When man presumes that he can control or exploit large systems like our ecology and the world economy, inevitably he reaches the vanishing point of his understanding and mastery and disaster often ensues. We have observed two recent examples of this. The crash of our economy is the result of a bunch of thieves who overestimated the number of golden eggs they could steal without killing the goose. The Gulf Oil Rupture is the result of either the pride or hubris of engineers driven by capitalists who imagined that they were masters of the natural world and entitled to her booty even a mile deep in the ocean where fish can't breath and the atmosphere crushes bones. They all got in over their heads. They were in worlds beyond their command or comprehension. They made mistakes caused by the myopia of greed and ego and the first thing you know people are diesel-surfing on Pensacols Beach because they can't get a loan on their fishing boat which this time last year was hauling bounty from the Gulf.

When they found the big asteroid crater footprint in Yucatan, everybody said, "OK, now it's solved, we know how the dinosaurs died." Makes me wonder, when we are extinct from benzine poisoning or have mutated into some kind of grease-loving salamanders and the archeologists of the future are trying to figure out what caused this mass extinction which occurs right here where there is a layer of asphalt in the sedimentary record, will they be able to find that tiny hole in the bottom of the Gulf of Mexico that caused it all, some residue of the misadventures of reckless little boys who tried to give the Earth a root canal and she bled to death in the chair?

If you analyze this asphalt layer on a molecular level you can find plastic pottery and trashbags and cheap sunglasses and the fossils that pixels leave when a computer decomposes. We know these creatures had some sort of basic civilization. We believe that they launched their dead into space, at least those who could afford it. We know they had giant temples where they worshipped artifacts given to them by a god named China. Legends say that this civilization perished in a black flood that started at the bottom of the sea. I know that sounds fantastic. It's just a crazy legend but sometimes legends are based on a shred of fact.
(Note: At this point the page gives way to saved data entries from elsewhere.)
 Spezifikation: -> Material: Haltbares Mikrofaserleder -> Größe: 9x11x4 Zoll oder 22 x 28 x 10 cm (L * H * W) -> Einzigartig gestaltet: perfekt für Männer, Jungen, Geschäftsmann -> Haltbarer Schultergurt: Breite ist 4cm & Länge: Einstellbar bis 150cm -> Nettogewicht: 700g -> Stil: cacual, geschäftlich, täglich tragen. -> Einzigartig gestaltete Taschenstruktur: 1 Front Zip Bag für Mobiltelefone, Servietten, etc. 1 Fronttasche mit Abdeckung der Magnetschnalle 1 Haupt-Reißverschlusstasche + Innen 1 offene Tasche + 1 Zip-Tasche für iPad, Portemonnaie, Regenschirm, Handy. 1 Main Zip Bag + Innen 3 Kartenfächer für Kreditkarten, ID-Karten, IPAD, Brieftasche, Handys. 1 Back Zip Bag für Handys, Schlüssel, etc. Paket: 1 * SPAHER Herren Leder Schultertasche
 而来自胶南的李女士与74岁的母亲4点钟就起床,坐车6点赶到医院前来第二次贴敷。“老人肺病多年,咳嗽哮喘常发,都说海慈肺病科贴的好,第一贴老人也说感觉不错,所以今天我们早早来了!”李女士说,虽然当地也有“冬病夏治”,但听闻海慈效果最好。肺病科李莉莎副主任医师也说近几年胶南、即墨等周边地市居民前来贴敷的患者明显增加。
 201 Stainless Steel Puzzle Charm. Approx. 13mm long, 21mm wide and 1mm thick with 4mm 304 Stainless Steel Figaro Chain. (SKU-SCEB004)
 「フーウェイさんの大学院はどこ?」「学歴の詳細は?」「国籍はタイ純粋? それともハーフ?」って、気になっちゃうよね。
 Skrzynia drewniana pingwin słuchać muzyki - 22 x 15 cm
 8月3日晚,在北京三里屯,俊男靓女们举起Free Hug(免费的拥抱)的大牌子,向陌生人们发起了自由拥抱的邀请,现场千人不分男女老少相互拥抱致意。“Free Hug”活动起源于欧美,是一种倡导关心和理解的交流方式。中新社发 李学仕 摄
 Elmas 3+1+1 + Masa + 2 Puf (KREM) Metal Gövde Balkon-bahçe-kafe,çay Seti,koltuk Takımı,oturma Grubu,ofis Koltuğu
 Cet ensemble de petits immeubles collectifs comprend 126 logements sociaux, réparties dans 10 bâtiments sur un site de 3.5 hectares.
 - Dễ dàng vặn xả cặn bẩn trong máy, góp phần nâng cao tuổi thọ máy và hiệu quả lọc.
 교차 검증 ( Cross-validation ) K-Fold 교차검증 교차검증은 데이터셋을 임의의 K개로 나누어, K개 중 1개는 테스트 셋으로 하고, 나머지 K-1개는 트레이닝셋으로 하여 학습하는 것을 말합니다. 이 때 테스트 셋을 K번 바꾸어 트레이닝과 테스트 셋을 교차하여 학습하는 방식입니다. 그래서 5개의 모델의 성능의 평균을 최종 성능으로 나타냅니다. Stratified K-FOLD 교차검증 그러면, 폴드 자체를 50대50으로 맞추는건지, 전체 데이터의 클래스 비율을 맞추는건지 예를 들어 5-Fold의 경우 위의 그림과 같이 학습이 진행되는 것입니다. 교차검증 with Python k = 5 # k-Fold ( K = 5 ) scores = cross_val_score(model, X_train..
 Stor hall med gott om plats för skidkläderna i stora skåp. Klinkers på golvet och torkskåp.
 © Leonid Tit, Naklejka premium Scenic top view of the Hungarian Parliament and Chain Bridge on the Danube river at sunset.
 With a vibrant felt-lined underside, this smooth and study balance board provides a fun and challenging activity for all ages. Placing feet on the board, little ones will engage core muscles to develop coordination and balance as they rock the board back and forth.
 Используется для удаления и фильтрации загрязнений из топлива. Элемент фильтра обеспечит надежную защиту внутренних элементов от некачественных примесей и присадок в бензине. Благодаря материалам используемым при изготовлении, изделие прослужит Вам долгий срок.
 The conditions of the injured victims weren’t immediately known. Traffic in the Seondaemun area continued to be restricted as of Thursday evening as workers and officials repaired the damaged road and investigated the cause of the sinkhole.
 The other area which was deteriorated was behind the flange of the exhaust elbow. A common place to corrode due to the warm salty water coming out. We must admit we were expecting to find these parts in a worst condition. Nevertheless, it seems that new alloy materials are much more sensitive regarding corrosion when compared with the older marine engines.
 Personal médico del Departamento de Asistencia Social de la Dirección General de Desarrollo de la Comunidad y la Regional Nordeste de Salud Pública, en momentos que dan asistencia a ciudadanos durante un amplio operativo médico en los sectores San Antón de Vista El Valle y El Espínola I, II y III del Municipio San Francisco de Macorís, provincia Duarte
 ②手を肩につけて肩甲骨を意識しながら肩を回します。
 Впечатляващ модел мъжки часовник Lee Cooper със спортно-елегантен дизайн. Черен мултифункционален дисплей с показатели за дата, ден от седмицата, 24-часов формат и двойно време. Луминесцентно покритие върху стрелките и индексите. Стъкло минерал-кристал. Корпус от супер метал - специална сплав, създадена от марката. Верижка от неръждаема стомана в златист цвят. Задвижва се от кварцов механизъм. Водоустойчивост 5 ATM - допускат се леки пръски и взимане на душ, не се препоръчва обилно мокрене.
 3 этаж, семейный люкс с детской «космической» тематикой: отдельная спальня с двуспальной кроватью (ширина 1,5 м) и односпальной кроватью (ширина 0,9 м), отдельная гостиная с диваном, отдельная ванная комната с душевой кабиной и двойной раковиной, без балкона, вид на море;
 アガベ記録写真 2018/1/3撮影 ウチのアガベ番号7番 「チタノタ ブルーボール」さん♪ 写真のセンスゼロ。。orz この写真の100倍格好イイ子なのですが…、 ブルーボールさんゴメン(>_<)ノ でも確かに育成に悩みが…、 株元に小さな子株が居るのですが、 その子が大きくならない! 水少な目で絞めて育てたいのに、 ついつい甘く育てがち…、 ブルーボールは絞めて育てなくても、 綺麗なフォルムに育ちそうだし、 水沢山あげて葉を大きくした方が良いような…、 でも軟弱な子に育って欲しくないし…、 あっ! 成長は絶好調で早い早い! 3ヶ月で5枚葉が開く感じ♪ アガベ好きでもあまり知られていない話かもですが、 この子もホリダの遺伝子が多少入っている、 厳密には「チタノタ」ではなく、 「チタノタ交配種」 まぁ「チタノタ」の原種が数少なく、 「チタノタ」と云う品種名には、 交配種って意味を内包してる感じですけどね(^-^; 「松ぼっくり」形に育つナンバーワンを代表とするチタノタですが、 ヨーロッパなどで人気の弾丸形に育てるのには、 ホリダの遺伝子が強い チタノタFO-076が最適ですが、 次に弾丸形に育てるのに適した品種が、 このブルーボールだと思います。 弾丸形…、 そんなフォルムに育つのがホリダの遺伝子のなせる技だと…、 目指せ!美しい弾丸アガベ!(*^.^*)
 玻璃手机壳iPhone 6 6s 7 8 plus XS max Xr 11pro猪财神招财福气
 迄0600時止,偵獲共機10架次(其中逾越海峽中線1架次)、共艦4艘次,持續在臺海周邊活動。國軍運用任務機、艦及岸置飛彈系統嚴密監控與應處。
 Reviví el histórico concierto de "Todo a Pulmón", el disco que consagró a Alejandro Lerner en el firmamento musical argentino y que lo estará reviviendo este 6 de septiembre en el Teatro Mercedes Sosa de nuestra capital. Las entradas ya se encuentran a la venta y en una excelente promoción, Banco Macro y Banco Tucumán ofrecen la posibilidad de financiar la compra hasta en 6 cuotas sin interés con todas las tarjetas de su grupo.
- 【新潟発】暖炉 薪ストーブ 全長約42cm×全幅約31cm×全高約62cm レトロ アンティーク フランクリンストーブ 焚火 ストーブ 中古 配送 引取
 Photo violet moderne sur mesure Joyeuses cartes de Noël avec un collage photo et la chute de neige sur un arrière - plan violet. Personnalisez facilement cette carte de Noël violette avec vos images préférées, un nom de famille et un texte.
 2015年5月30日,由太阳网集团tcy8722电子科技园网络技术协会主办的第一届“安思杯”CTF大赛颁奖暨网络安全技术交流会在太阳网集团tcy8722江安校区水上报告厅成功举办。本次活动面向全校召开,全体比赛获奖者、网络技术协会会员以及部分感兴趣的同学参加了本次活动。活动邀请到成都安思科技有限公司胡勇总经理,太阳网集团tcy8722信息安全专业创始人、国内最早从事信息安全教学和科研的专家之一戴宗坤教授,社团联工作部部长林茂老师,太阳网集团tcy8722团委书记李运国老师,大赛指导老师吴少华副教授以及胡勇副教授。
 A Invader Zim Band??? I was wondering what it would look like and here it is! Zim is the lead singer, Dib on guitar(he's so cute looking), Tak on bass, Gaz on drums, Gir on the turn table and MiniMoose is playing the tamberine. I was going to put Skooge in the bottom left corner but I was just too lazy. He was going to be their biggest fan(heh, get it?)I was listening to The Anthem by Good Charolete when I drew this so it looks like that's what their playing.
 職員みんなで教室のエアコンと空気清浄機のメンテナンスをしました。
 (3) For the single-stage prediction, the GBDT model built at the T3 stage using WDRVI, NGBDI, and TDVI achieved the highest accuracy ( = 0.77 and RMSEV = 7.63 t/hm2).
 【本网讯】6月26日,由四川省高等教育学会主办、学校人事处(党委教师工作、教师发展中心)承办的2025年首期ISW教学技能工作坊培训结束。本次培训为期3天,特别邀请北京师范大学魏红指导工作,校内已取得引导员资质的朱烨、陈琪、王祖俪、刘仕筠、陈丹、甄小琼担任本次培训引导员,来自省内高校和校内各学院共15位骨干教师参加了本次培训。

Pardon my imaginary paleontology but in the ironic workings of the larger tragedy, it's as symbolic as the bobbin pin pricking sleeping Beauty's finger, such a small wound but lethal to the fairy tale. So, they figured that they would at least save the pelicans. They gathered up the survivors and put them in a camp for the duration until the oil had evaporated or been swabbed up by ex-shrimp fishermen who looked like beach babooshkas sweeping the black streets of Moscow. The pelicans thrived in captivity with their Dawn detergent hot tubs and multiplied. The only problem was that when they were released they didn't know how to make a living and the little crustaceans they were accustomed to munching had all moved to the suburbs so the government had to feed the pelicans which became a burden on the tax base because pelicans have absolutely no commercial function but to tell us that the system is stressed.

There will be a tear in The Poet's Eye when we lose the pelicans, but the tears will stream when the manatee goes. Manatees die of stress. I have always felt it an honor to be a part of a world that allows such an ugly, defenseless impossible creature to exist. I don't know if I can live in a world without manatees. It would stress my system. I will grieve for the manatee. Who will grieve for me?

Maybe just my vanity
makes me love the manatee
he has no enemy not crab nor anemone
wants you just to leave him be
in his languid buoyancy
I will grieve the manatee
Who will grieve for me?--Lrod
"These words don't make me a poet, these Eyes make me a poet."